Algorithmic Incentives
MIT News (04/25/12) Larry Hardesty

Massachusetts Institute of Technology (MIT) professor Silvio Micali and graduate student Pablo Azar have developed a type of mathematical game called a rational proof, which varies interactive proofs by giving them an economic component. Rational proofs could have implications for cryptography, but they also could suggest new ways to structure incentives in contracts. Research on both interactive proofs and rational proofs falls under the designation of computational-complexity theory, which classifies computational problems according to how hard they are to solve. Although interactive proofs take millions of rounds of questioning, rational proofs enable researchers to establish one round of questioning. With rational proofs, “we have yet another twist, where, if you assign some game-theoretical rationality to the prover, then the proof is yet another thing that we didn’t think of in the past,” says Weizmann Institute of Science professor Moni Naor. Rational-proof systems that describe simple interactions also could have applications in crowdsourcing, Micali says. He notes that research on rational proofs is just getting started. “Right now, we’ve developed it for problems that are very, very hard,” Micali says. “But how about problems that are very, very simple?”

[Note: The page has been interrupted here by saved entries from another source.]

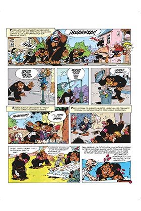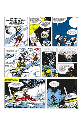 Este nuevo volumen del integral de Los Hombrecitos nos ofrece tres emocionantes historias largas. Asistiremos al asalto de las grutas de Eslapión 2 por parte de los hombres-mono, manipulados por el maquiavélico duque de la Maraña. Después de esta aventura, un conocido trío de viajeros temporales regresa a la Tierra para invitar a los Hombrecitos al planeta donde se han instalado. A su regreso, nuestros héroes atravesarán un "agujero blanco" que les conducirá a una peculiar versión de nuestro planeta. Además, disfrutaremos de una nueva historia corta y de los jugosos extras con los que conoceremos mejor los entresijos de esta serie.
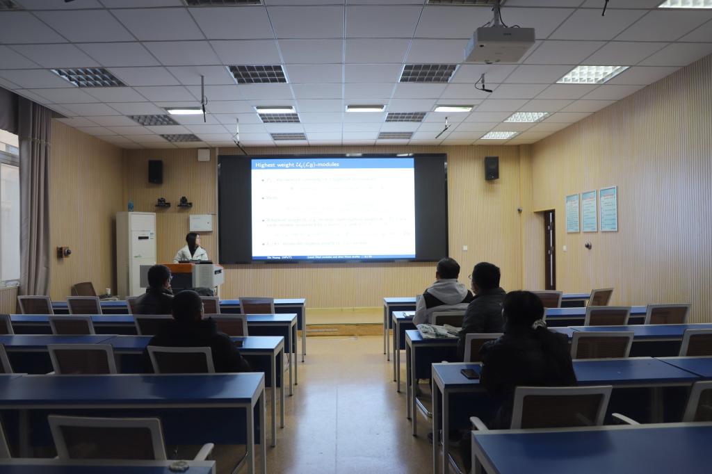 在报告中,黄鑫老师首先介绍了 Chari 和 Pressley 引入的量子仿射代数的 Weyl 模。仿射李代数的 Weyl 模即 量子仿射代数 Wely 模的经典极限。然后利用 Howe duality 的工具,具体给出了 A 型仿射李代数 Weyl 模的具体实现。会后重点和师生讨论了 Weyl 模的重要性及其他类型仿射李代数 Weyl 模实现的进展及李超代数的可行性问题。
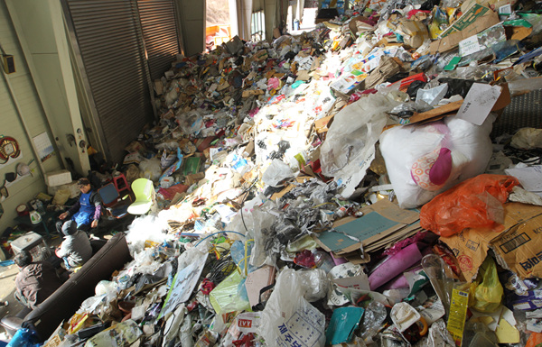 최근 재활용쓰레기 부류 및 처리를 담당하는 ‘제주시리싸이클링센터’에는 매일 반입되는 재활용쓰레기가 산더미처럼 쌓여가고 있다.

Dynasty? U of W Repeats as National Cyber Defense Champ.
Government Computer News (04/25/12) William Jackson

A team from the University of Washington recently won the National Collegiate Cyber Defense Competition for the second straight year, defeating regional champions from nine other schools. The tournament, which began in 2005, is part of a nationwide effort to identify and develop cybersecurity talent. The U.S. Air Force Academy finished second in the competition and Texas A&M University came in third. As part of the competition, each team was given an operational network for a fictional Web services hosting company with subsidiary retail operations, such as email, Web sites, data files and users. The network had to be operated and services maintained in the face of outside attacks. The teams were scored on their ability to maintain services while completing business tasks and lost points for failing to meet service-level agreements. In addition, cloud computing was a major component of the competition this year, says University of Washington cybersecurity program director Melody Kadenko. She notes that teamwork helped the Washington team win the competition. “The most important component was how they interact with each other,” Kadenko says. “They already had the knowledge … but you can’t teach how to get along with somebody.”

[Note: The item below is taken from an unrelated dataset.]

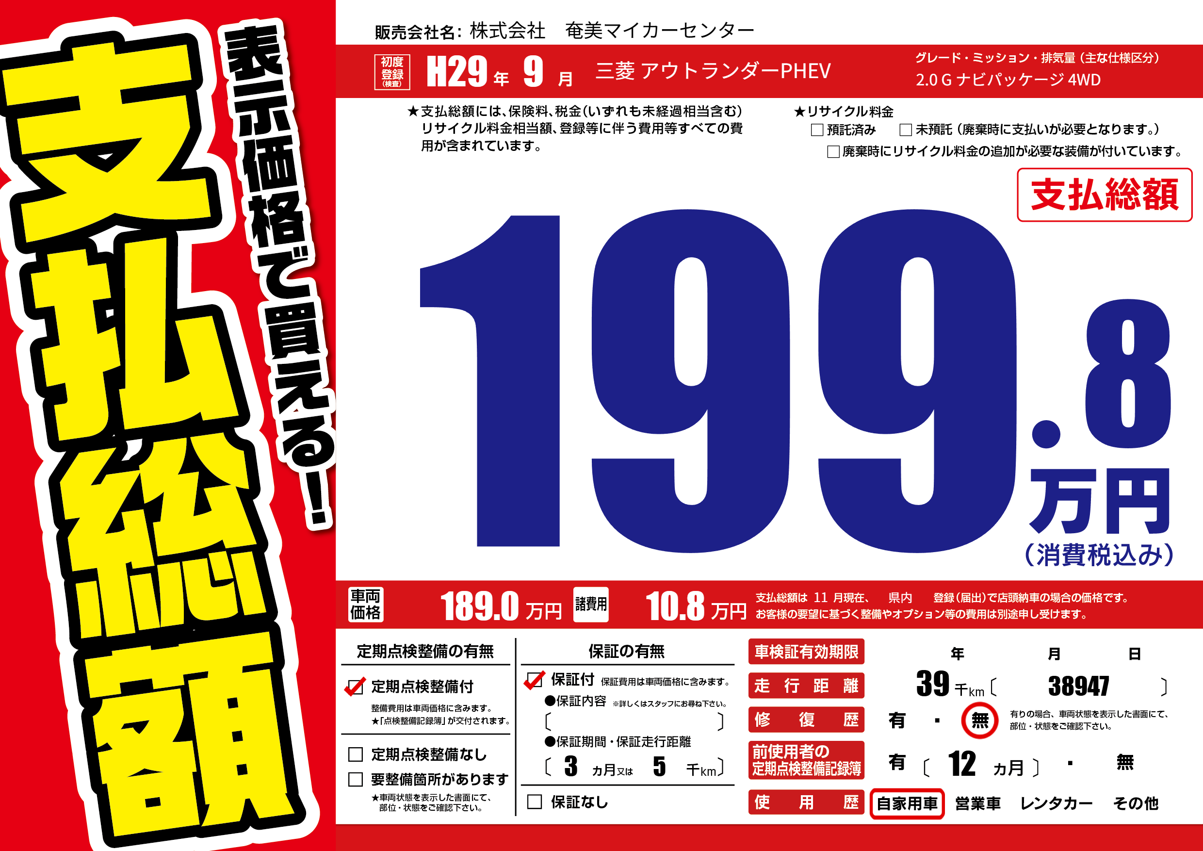 | 車名 | 三菱 アウトランダーPHEV | グレード ミッション 排気量 |

NSF, SRC Partner on Failure-Resistant Systems
CCC Blog (04/24/12) Erwin Gianchandani

The U.S. National Science Foundation (NSF) and the Semiconductor Research Corp. (SRC) recently announced Failure-Resistant Systems, a joint initiative that seeks proposals for new techniques that would ensure the reliability of systems. The proposals should focus on a system-level cross-layer approach to reliability, and encompass the failure mechanisms of both digital and analog components. Such a technique would potentially offer high reliability and lower power and performance overheads. “By distributing reliability across the system design stack, cross-layer approaches can take advantage of the information available at each level, including even application-level knowledge, to efficiently tolerate errors, aging, and variation,” the initiative’s solicitation says. “This will allow handling of different physical effects at the most efficient stack layer, and can be adapted to varying application needs, operating environments, and changing hardware state.” NSF and SRC plan to fund 15 to 20 awards, each ranging from $300,000 to $400,000, over three years. The deadline for proposals is June 26, 2012.